= Beginning of Section =

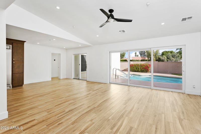 Listing details for 9625 83rd Way, Scottsdale, AZ 85258 : Move in ready luxury home in Scottsdale's McCormick Ranch, located in the desirable Villa Hermosa community. This fully renovated 4 bedroom, 3 bathroom single story home features an open floor plan with vaulted ceilings and abundant natural light. The updated kitchen includes quartz countertops and backsplash, stainless steel appliances, dark cabinetry, and premium porcelain tile flooring. The spacious primary suite offers backyard access, a large walk in closet with built ins, and a spa style bathroom with double vanity, soaking tub, and floor to ceiling tile shower. A secondary bedroom includes a private ensuite, with additional updated bedrooms and baths. Enjoy a private backyard with pool and patio. Close to golf, walking paths, parks, courts, shopping, dining and top amenities.
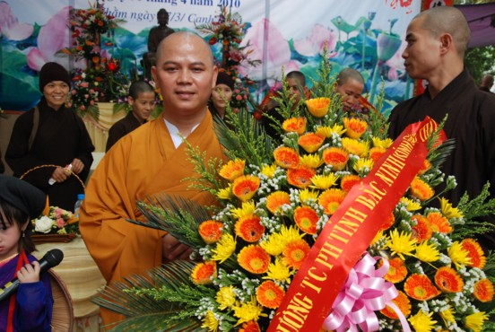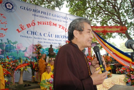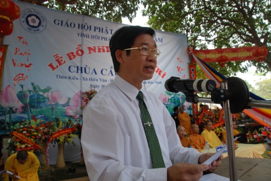Ông Đinh Xuân Vịnh – Trưởng ban tôn giáo tỉnh thay mặt chính quyền địa phương phát biểu chúc mừng, ông tin tưởng và mong muốn Đại đức tân trụ thực hiện tốt công tác quản ký cơ sở vật chất nhà chùa, hướng dẫn Phật tử trong Thôn tu tập công đức và luôn thực hiện tốt các chính sách phát luật của Đảng và nhà nước về Tôn giáo, để góp phần cùng lãnh đạo xây dựng địa phương ngày càng giàu đẹp.
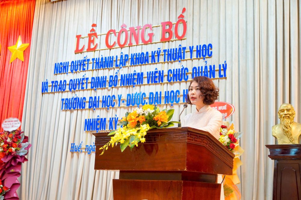 Phát biểu giao nhiệm vụ cho các viên chức được bổ nhiệm, GS. TS. Nguyễn Vũ Quốc Huy - Hiệu trưởng Trường Đại học Y - Dược, Đại học Huế nhấn mạnh: “Tập thể Lãnh đạo Nhà trường cam kết tạo mọi điều kiện thuận lợi nhất để Khoa Kỹ thuật Y học phát triển mạnh mẽ, trở thành đơn vị đào tạo kỹ thuật y học trình độ cao đẳng và liên thông hàng đầu của cả nước, góp phần thực hiện thắng lợi các mục tiêu chiến lược của Trường Đại học Y - Dược, Đại học Huế, trong đó có các lĩnh vực chủ chốt là tiếp tục phát triển mạnh nguồn lực con người, nâng cao chất lượng đào tạo, tăng cường liên thông giữa các hệ đào tạo, phát triển các chương trình liên ngành và liên kết đào tạo quốc tế, thực hiện thành công nhiệm vụ kiểm định chất lượng chương trình đào tạo, tích cực chủ trì và tham gia vào các nhiệm vụ khoa học công nghệ và phục vụ cộng đồng”. Hiệu trưởng Nhà trường kỳ vọng các cán bộ quản lý được bổ nhiệm sẽ là những người truyền cảm hứng, dẫn dắt, đồng hành, kiến tạo môi trường làm việc tích cực, sáng tạo, gắn kết, phát triển, góp phần xây dựng Khoa Kỹ thuật Y học và Nhà trường ngày càng vững mạnh, uy tín, hội nhập quốc tế. Nhà trường cũng mong muốn các em sinh viên hệ cao đẳng - trong một môi trường học tập và rèn luyện mới, sẽ nỗ lực hơn nữa trong việc thực hiện tốt các nhiệm vụ đã được xã hội và gia đình giao phó trong giai đoạn này, đó là đạt được kết quả cao nhất trong học tập và rèn luyện, để trở thành những cán bộ y tế vừa “hồng” vừa “chuyên”, tự hoàn thiện bản thân để đóng góp tốt nhất cho gia đình, cho xã hội.
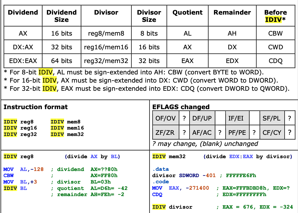 Carries out 8-bit, 16-bit, and 32-bit signed integer division. Returns a quotient and a
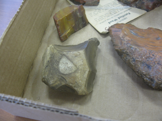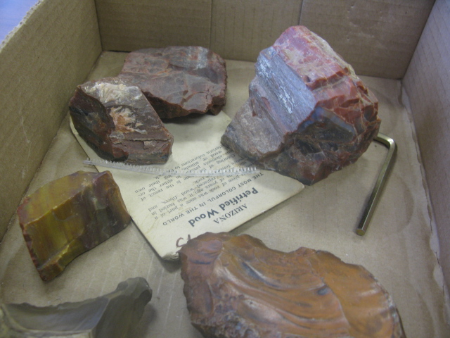 Box lot of petrified wood, 6 pieces including 2 stone carved Primitive tools
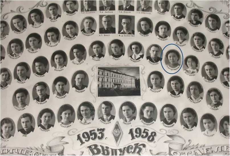 Рис. 2. Выпускники 1958 г. химического факультета Иркутского госуниверситета (Ж. Г. Базарова — четвертая справа в третьем ряду)
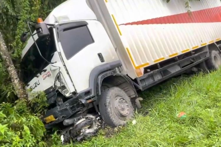 Sementara itu truk boks sebelum berhenti, sempat menabrak satu unit sepeda motor yang membuat sepeda motor tersebut terseret sejauh lebih kurang 200 meter, hingga akhirnya truk boks yang melaju dari arah Solok menuju Kota Padang tersebut berhenti di bahu jalan sebelah kanan.
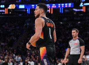 第三节比赛,太阳球星布克状态火热,单节10中7,三分球3中2,砍下16分2篮板1助攻的数据,不过在节末踩到奥孔武崴脚回到更衣室。
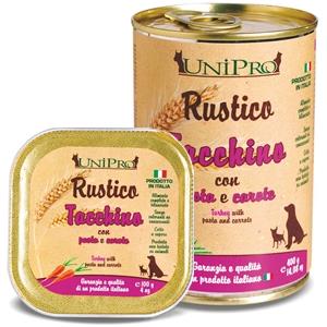 Unipro Rustico Cibo Umido per Cani con Tacchino, Pasta e Carote - Vaschetta 100g

= End of Section =

- PROMPT: From the first line through the line with "Ông Đinh Xuân", output those lines of the entries above exactly, and nothing else, with the pictures left out.

- SOLUTION:
 Listing details for 9625 83rd Way, Scottsdale, AZ 85258 : Move in ready luxury home in Scottsdale's McCormick Ranch, located in the desirable Villa Hermosa community. This fully renovated 4 bedroom, 3 bathroom single story home features an open floor plan with vaulted ceilings and abundant natural light. The updated kitchen includes quartz countertops and backsplash, stainless steel appliances, dark cabinetry, and premium porcelain tile flooring. The spacious primary suite offers backyard access, a large walk in closet with built ins, and a spa style bathroom with double vanity, soaking tub, and floor to ceiling tile shower. A secondary bedroom includes a private ensuite, with additional updated bedrooms and baths. Enjoy a private backyard with pool and patio. Close to golf, walking paths, parks, courts, shopping, dining and top amenities.
Ông Đinh Xuân Vịnh – Trưởng ban tôn giáo tỉnh thay mặt chính quyền địa phương phát biểu chúc mừng, ông tin tưởng và mong muốn Đại đức tân trụ thực hiện tốt công tác quản ký cơ sở vật chất nhà chùa, hướng dẫn Phật tử trong Thôn tu tập công đức và luôn thực hiện tốt các chính sách phát luật của Đảng và nhà nước về Tôn giáo, để góp phần cùng lãnh đạo xây dựng địa phương ngày càng giàu đẹp.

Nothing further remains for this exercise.